Friday, June 4, 2010

The X-expat Life

Two days ago, I dreamed I was still in KSA, doing my daily routines in the house. Its hard to think that we're no longer living there, although the future gives a brighter hope for our small family. The place we used to call home is miles away and we're far from going back there or living in the same house if ever we got the chance to go back there.

Hevyn would still ask at times to go home, and we knew what she meant by that. Life seems very strange now, and it feels like our small family of three is floating homeless in our own country while we wait for our next destination wherever that maybe.

There are some who thinks that the life of an expat or OFW family is easy and would define it as comfort. Yet there are many sacrifices unseen by many who do not understand what it's like to live in a foreign land, adhere to their culture, and leave the place or places you've once called home. I envy the Filipinos who has the chance to stay and fortify with what they have. They don't have to leave anything behind, they don't have to move to a new place every now and then.

Right now, the most important lesson I learned is to hold on together as family no matter what happens and wherever the Lord brings us.
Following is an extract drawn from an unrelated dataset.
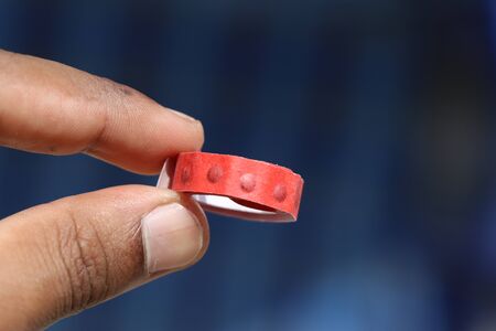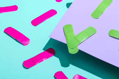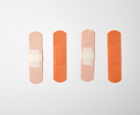 colored adhesive bandage plaster close up macro , isolated on a white background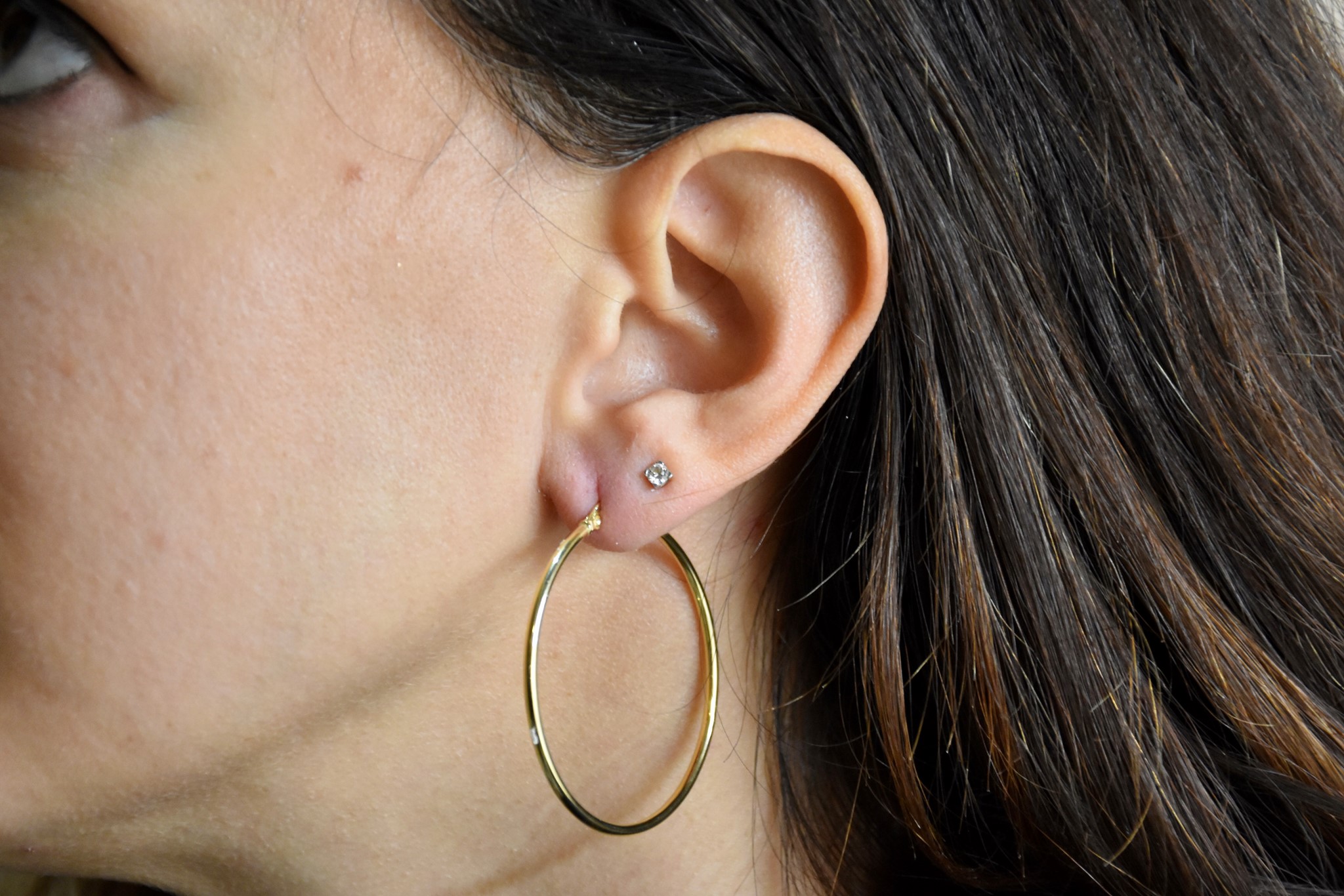 Orecchini a cerchio in oro giallo 750/00 del diametro di 4,40cm. Peso 3,10g.

With whatever we have, the only way to be happy is to recognize and be grateful for the smallest blessing we are enjoying no matter how different our life maybe from what we desire it to be.

Thursday, May 13, 2010

Leaving and Living

In less than a week our family will be leaving Saudi Arabia for good. And although living here may sound so tight for me, having to wear abaya and everything that prohibits a woman from doing so many things, I surely will miss this place. This has been our home for the last three years and I sooo love being here. I love the way it makes me feel safe, and respected.

I don't know if my daughter will ever remember living here, but this is the place where she was born. It seems like she doesn't have a clue why there are many boxes scattered in the house that was once neat and tidy looking. I know she will miss it here, her playmates and good friends. The place where many of her first first happened, first birthday, first step, first everything. And because its not that easy to come over here for a visit unless a family member works here, I'm not so sure if she or our family will ever see the place again. But the memories will always stay with us, this had been our home, our first home.

Last night we went to Al Rashid Mall to buy some stuffs and to take Hevyn for some rides in the amusement. We had good time, Hevyn rode the carousel which is her favorite. And before we went home we also had some pictures taken at a booth. We had a great quality time together and we're all tired by the time we got home, and we realized we forgot to buy the stuffs that we came for.

Wherever we go after this, will be another adventure for our small family. And as we leave, the memories will continue to live in our hearts with our friends that we also call our family in Saudi Arabia.

Saturday, April 24, 2010

A Burden Not Ours To Carry

I realized I haven't updated my blog for almost a year, and maybe it's time to redeem it. Although I've been quite busy taking care of my baby who is now a little girl, I do miss the times when I simply feel like posting something here and I find time to do it.

For the last year, I have to admit, I felt terribly hurt by some people who I trusted, some people I almost consider as my family. My hubby who is my very best of best friends know everything about this and he's been the shoulder I cried on to for so many months, I'm more than grateful for having him, for his patience and counsels to help me get through this. He would always remind me to let things go, forget, and forgive, I would agree that he is right. And I also thought I had forgiven these people, but now I think I didn't. There were times I still feel terribly bad about what they did, and I would find reasons and excuses why they did it but could not find comfort in doing so. Why can't I just forgive and forget just like a child. My PPD added to what happened brought so much sadness and tears that I've been trying to conceal from those people around me.

A couple of months ago, I asked my hubby, why would the Lord command us to forgive our neighbor seventy times seven, we're not the one who sinned why give the commandment to us? Why not command those people to ask forgiveness to those they hurt? And why forgive if they haven't ask for forgiveness? Its not making much sense, because first of all you aren't the one who did wrong, its actually you who were hurt. And just as I ponder about it, I understood why. We were asked to forgive because the burden of the sin of other people isn't for us to carry. It's something we don't deserve to carry after all. Maybe that's why we are always counseled to "forGIVE" and "forGET". We have to GIVE that burden to the Lord as we obey his counsel to forgive, and when we do we will GET that peace and comfort for our sorrows. Now it doesn't sound unfair anymore, I know that that commandment is given to us for our own happiness. There is no other way to move on and ease the pains others have inflicted on us, but only through forgiving and forgetting their wrongs. I learned from this experience that we don't have to keep it in our hearts to grow into hatred, make us feel depressed or unhappy, it is something we have to let go, and we don't have to suffer more by carrying that burden with us.

I feel embarrassed as I write this, but I hope you'll learn something that might add up to the smile of happiness and peace in our lives in case there is someone you haven't forgiven yet.